═══ Provided material ═══
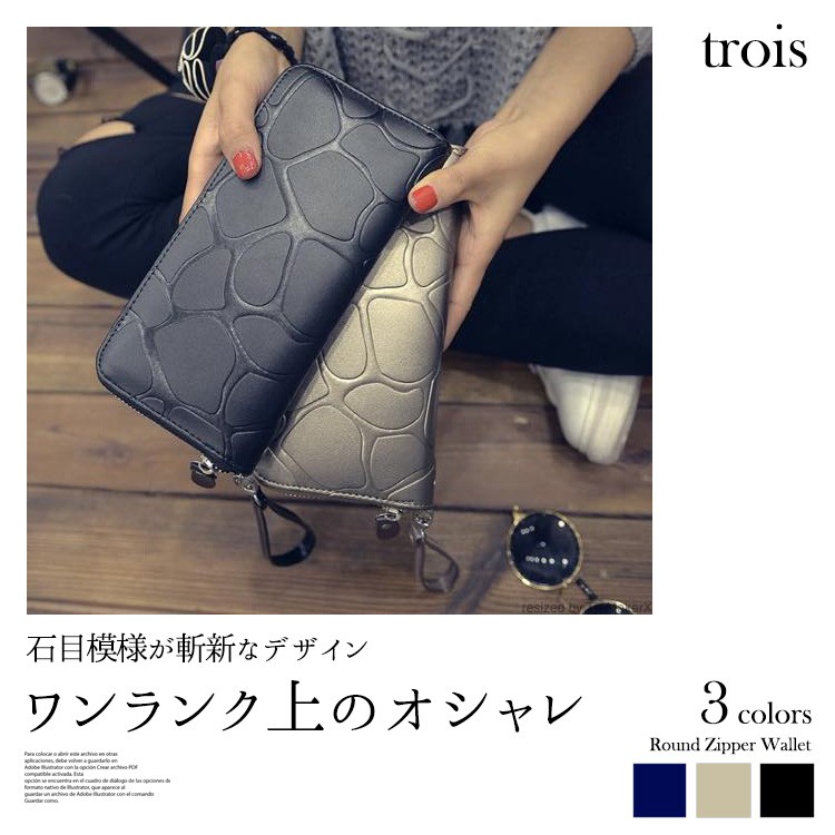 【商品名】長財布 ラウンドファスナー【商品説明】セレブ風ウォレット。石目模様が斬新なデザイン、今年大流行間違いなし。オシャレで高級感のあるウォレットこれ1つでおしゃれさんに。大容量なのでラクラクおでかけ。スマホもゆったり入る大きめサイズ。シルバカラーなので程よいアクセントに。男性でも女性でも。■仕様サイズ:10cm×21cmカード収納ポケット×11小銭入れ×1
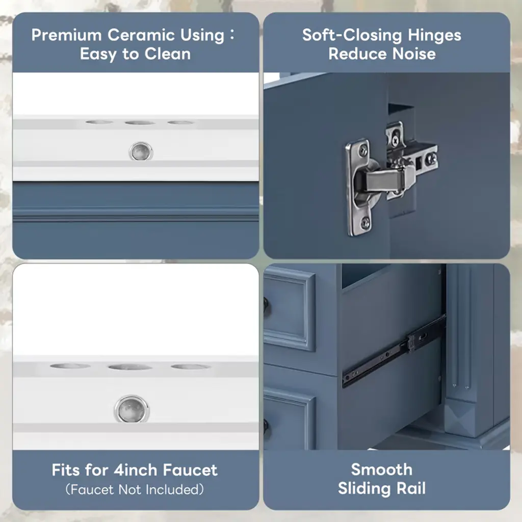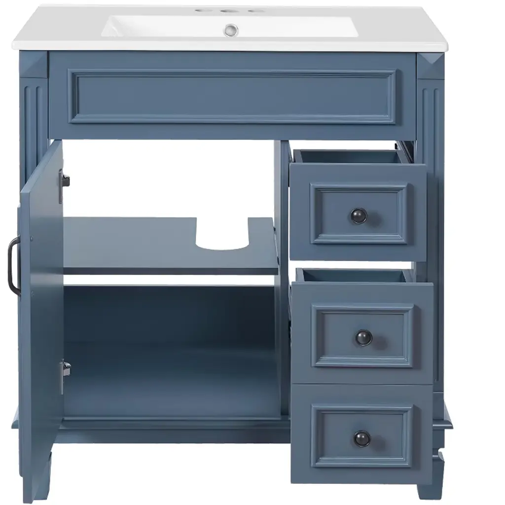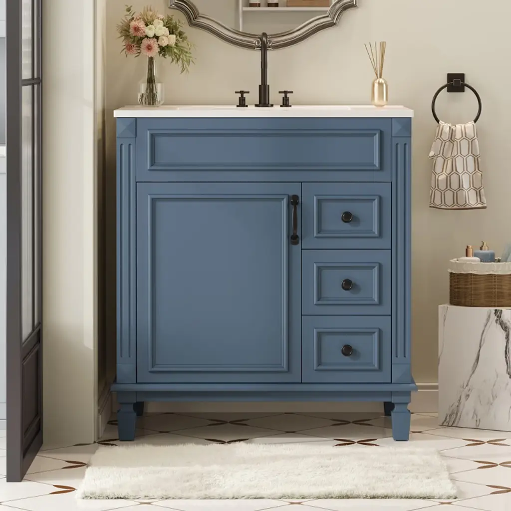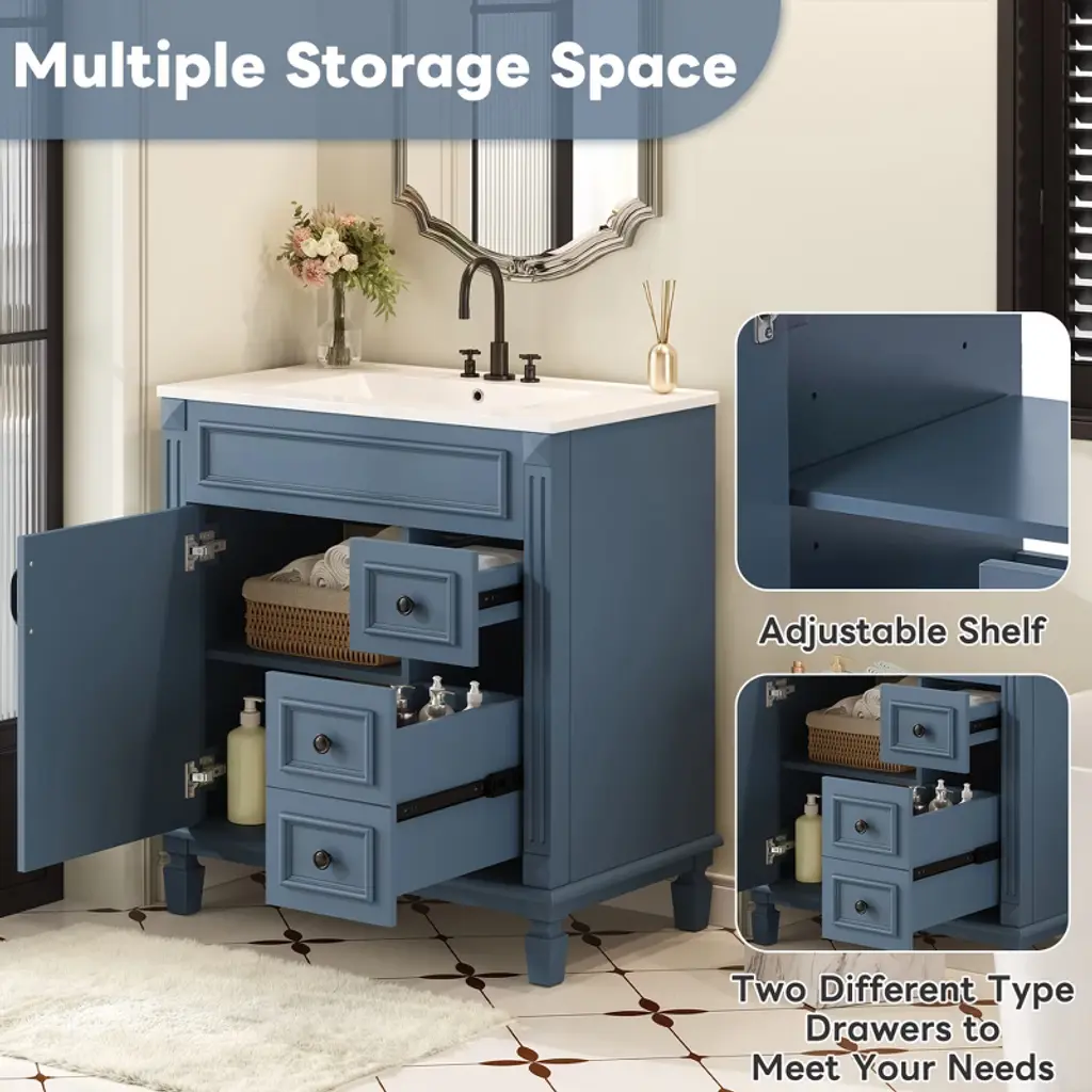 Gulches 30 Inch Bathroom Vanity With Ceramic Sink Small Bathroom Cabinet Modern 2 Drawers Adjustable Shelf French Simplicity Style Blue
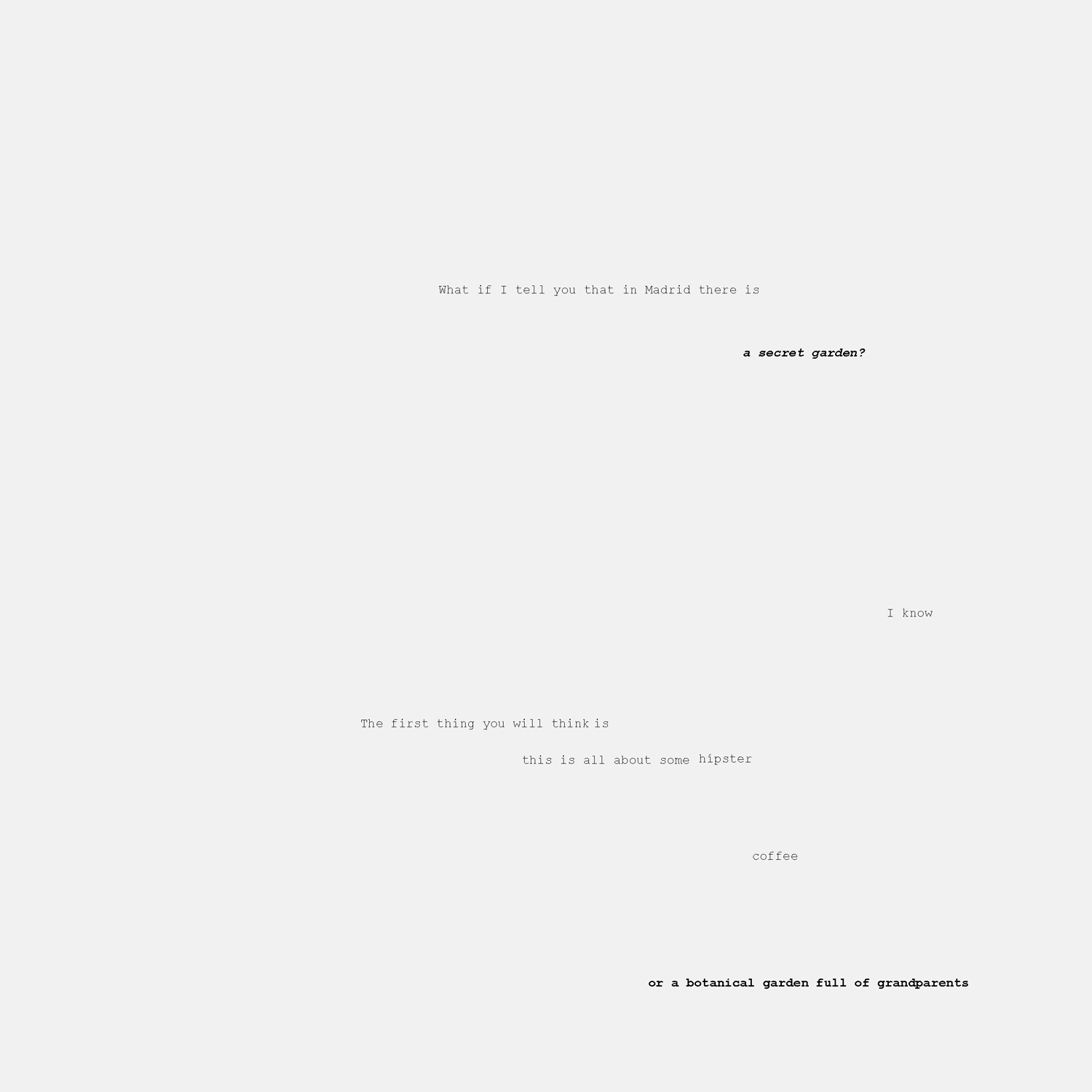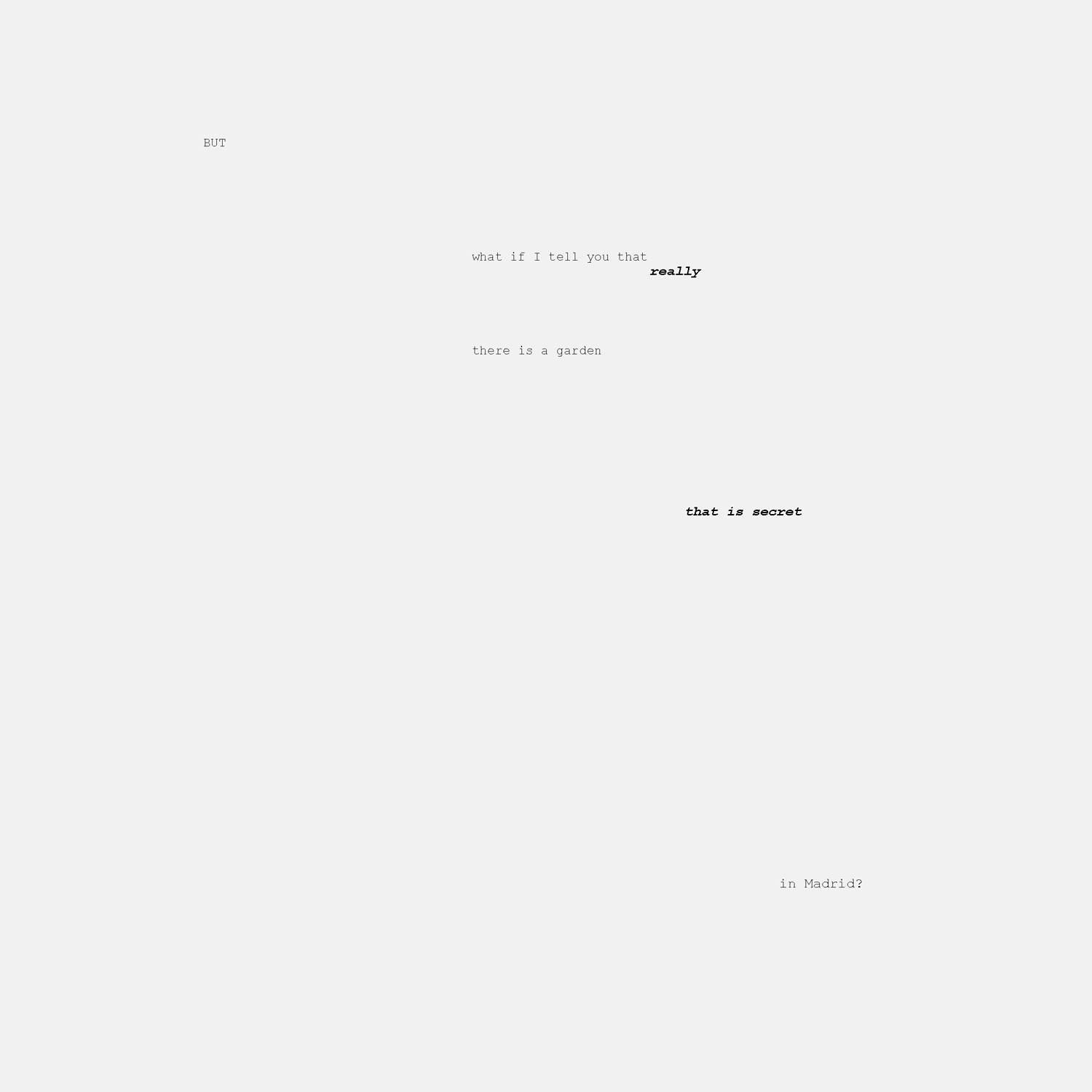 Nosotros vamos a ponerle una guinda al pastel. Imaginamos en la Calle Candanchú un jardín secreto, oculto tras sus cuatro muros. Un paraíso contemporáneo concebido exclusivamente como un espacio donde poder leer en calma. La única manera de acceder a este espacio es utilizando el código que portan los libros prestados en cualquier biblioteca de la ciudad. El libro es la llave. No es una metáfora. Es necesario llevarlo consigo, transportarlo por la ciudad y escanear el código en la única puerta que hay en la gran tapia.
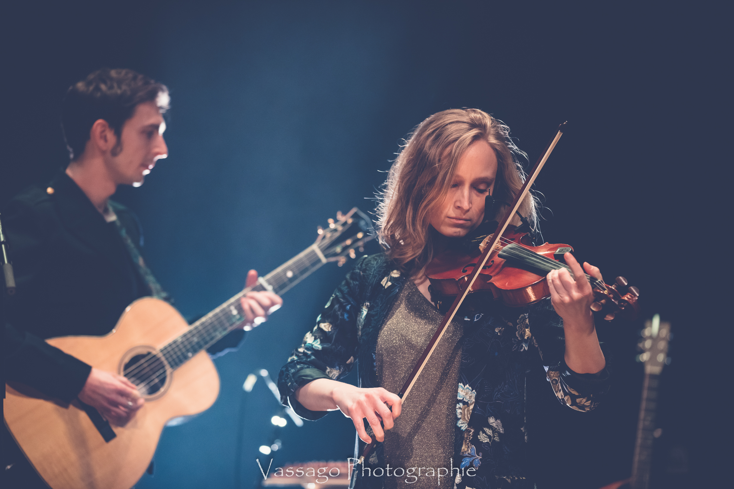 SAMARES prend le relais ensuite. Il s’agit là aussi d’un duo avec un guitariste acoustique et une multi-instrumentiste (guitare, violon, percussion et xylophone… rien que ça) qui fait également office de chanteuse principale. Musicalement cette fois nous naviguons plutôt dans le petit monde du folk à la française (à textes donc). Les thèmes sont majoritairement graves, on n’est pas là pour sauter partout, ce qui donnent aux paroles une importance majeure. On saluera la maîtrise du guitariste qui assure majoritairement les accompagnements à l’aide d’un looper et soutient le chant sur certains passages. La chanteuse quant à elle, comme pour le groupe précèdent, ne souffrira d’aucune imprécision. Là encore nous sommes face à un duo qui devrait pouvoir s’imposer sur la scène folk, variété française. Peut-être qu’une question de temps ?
═══
Your objective ▸ Everything above from the line that has "Gulches 30 Inch" down to the line that has "Nosotros vamos a" should be output exactly, with both of those lines included. Leave the pictures behind.

Solution to the exercise ▸
 Gulches 30 Inch Bathroom Vanity With Ceramic Sink Small Bathroom Cabinet Modern 2 Drawers Adjustable Shelf French Simplicity Style Blue
 Nosotros vamos a ponerle una guinda al pastel. Imaginamos en la Calle Candanchú un jardín secreto, oculto tras sus cuatro muros. Un paraíso contemporáneo concebido exclusivamente como un espacio donde poder leer en calma. La única manera de acceder a este espacio es utilizando el código que portan los libros prestados en cualquier biblioteca de la ciudad. El libro es la llave. No es una metáfora. Es necesario llevarlo consigo, transportarlo por la ciudad y escanear el código en la única puerta que hay en la gran tapia.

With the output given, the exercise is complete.